This overview provides clear, factual guidance on the corporate tax regime in Mexico, tailored for companies seeking to understand national requirements and obligations in 2025. It highlights the standard corporate tax rate, base assessment, and withholding tax structure based on official figures.
Corporate Tax Structure in Mexico (2025)
For the 2025 fiscal year, Mexico applies a flat-rate corporate income tax, assessed on company profits. There are no sliding brackets or tiered systems for corporate entities; all taxable profits are subject to the same fixed rate.
| Assessment Basis | Tax Rate (%) | Currency (MXN) |
|---|---|---|
| Corporate Profits | 30% | MX$ |
The 30% corporate income tax is applicable to most resident companies in Mexico. The taxable base is generally defined as profits generated from business operations within the country.
Withholding Tax on Dividend Distributions
Mexico imposes a specific withholding tax when companies pay out dividends. This surtax applies in the following circumstances:
| Description | Surtax Rate (%) | Currency (MXN) |
|---|---|---|
| Withholding tax on dividends paid to individuals or foreign residents (including foreign corporations) | 10% | MX$ |
If a Mexican company distributes dividends to either an individual resident or to a foreign shareholder (including foreign corporate shareholders), a 10% withholding tax is levied on the distributed amount. Note that this withholding is separate from (and applies in addition to) the corporation’s main 30% income tax liability.

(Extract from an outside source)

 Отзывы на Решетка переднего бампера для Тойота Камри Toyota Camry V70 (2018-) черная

Compliance and Filing Requirements
There is no information available regarding holding periods for shares or deferred dividend payout structures affecting the corporate income tax or withholding tax regime. Companies should monitor any annual updates from local authorities, as corporate tax regulations can occasionally be subject to amendment.
Summary Table: Key Corporate Tax Data for Mexico (2025)

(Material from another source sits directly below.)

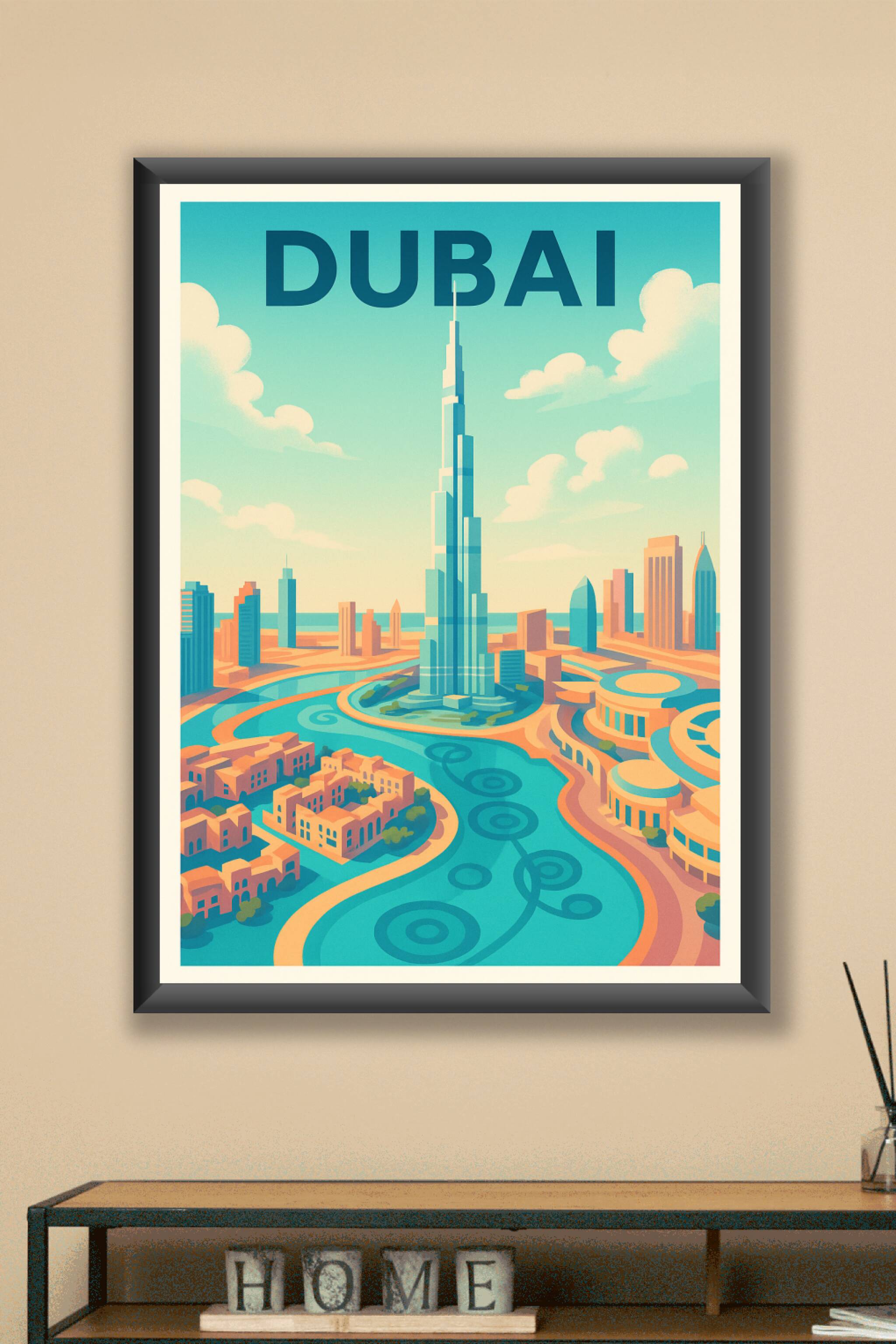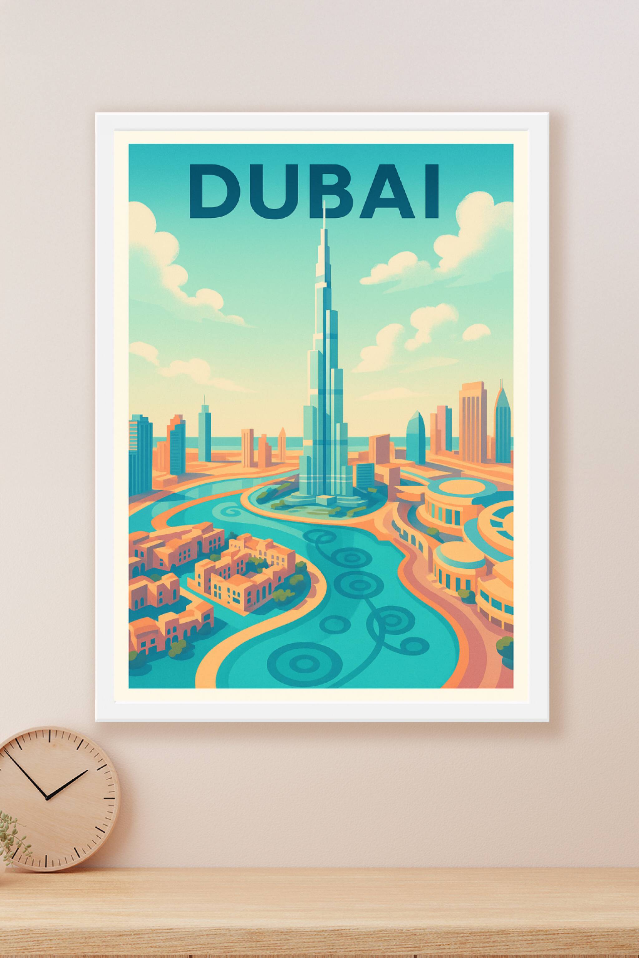 Découvrez la majesté de Dubai avec cette affiche illustrée d'un style moderne et lumineux mettant en valeur le célèbre Burj Khalifa et ses environs...

| Parameter | Value | Currency/Unit |
|---|---|---|
| Corporate Tax Rate | 30% | MX$ (MXN) |
| Tax Rate Structure | Flat | – |
| Assessment Basis | Corporate profits | – |
| Withholding Tax on Dividends to Individuals/Foreign Residents | 10% | MX$ (MXN) |
Currency and USD Equivalency
All official tax liabilities are assessed in Mexican pesos (MX$). For clarity, as of early 2025, the exchange rate is approximately MX$17 = US$1 (based on prevailing market rates). For example, a profit of MX$1,000,000 (≈ US$58,823) would incur a corporate tax of MX$300,000 (≈ US$17,647).
Pro Tips: Navigating Mexico’s Corporate Taxes
- Plan for the Full Tax Burden: When calculating total tax costs on distributed profits, factor both the 30% corporate tax and the 10% dividend withholding tax to avoid surprises at fiscal year-end.

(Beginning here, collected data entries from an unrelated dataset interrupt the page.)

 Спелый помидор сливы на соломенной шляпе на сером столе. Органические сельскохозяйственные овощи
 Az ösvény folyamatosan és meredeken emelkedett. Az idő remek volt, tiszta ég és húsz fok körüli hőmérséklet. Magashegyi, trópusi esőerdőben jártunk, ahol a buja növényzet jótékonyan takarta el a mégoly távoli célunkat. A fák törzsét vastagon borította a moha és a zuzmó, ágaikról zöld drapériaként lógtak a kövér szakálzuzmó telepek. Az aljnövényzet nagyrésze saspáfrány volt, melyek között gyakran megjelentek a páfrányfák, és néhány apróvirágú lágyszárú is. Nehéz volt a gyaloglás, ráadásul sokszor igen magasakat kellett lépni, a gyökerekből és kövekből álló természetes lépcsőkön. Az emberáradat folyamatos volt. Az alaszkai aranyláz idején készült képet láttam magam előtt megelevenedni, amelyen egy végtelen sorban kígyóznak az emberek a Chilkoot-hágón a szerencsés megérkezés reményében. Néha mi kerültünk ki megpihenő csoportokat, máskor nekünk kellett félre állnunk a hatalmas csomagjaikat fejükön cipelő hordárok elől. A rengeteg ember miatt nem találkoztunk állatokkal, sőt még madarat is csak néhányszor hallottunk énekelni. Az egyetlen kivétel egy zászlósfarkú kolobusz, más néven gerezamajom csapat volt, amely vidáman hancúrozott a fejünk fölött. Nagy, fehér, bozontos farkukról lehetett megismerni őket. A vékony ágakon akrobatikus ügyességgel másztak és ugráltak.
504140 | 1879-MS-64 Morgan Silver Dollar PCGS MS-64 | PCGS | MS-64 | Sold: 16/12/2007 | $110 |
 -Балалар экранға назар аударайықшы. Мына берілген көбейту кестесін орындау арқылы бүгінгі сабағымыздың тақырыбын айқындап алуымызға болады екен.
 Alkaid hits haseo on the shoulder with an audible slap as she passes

- Structure Cross-Border Dividends Carefully: If your business has foreign shareholders, ensure that dividend planning accounts for the 10% withholding rate, as it applies to all dividends paid abroad regardless of shareholding structure.
- Monitor for Policy Updates: Although the flat rate is consistent, stay updated via official Mexican government channels for any changes to withholding, assessment bases, or potential credits.
- Consult for Treaty Benefits: Double-check if international tax treaties may provide relief or credits against Mexican withholding tax for foreign recipients, even though this information is not provided here.
Official Resources
- Ministry of Finance and Public Credit (Gobierno de México)
- Servicio de Administración Tributaria (SAT)
In summary, Mexico’s corporate tax regime for 2025 is direct and easily quantifiable: a 30% flat tax on corporate profits and an additional 10% withholding on dividend payouts to individuals and foreign shareholders. While dividend and holding period specifics are not officially disclosed, keeping current with official updates and planning cross-border profit distributions with both rates in mind is prudent for international businesses operating or investing in Mexico.